Types in programming languages, on the contrary, while being restrictive in the same sense, are used everyday by the working computer programmer. And hence, from the very beginning in Algol, computer science had to face the problem to make types more “expressive”, and “flexible”Footnote 18. If in proof-theory “typed” means first of all “normalizing”, in computer science there are — since the beginning — well-typed programs which diverge. While mathematical logic types are perceived as constraints (they “forbid” something, as in Russell’s quote above), types in programming languages are experienced as an enabling feature, allowing simpler writing of programs, and, especially, better verification of their correctnessFootnote 19.
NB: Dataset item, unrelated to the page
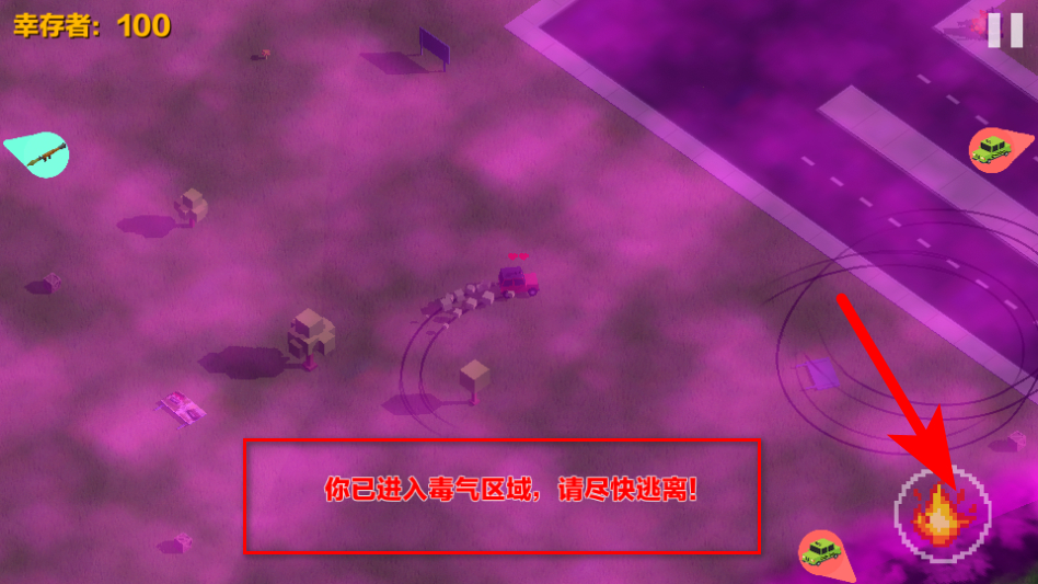 4、注意避开毒气区域,若进入需尽快逃离,同时利用攻击手段淘汰对手,争取成为最后的幸存者。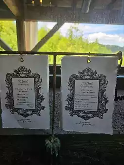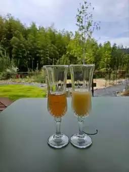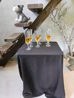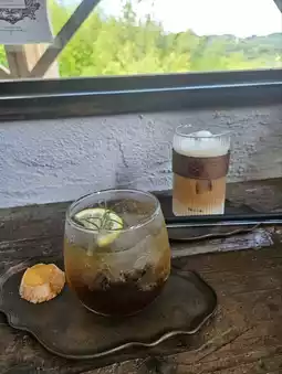 A welcome drink is prepared near the entrance of the shop, and you take a glass and move to your seat.

The crucial point, here and in most computer science applications of mathematical logic concepts and techniques, is that computer science never used ideological glasses (types per se; constructive mathematics per se; linear logic per se; etc.), but exploited what it found useful for the design of more elegant, economical, usable artefacts. This eclecticism (or even anarchism, in the sense of epistemological theory) is one of the distinctive traits of the discipline, and one of the reasons of its success.

But this is the subject of an entirely different paper.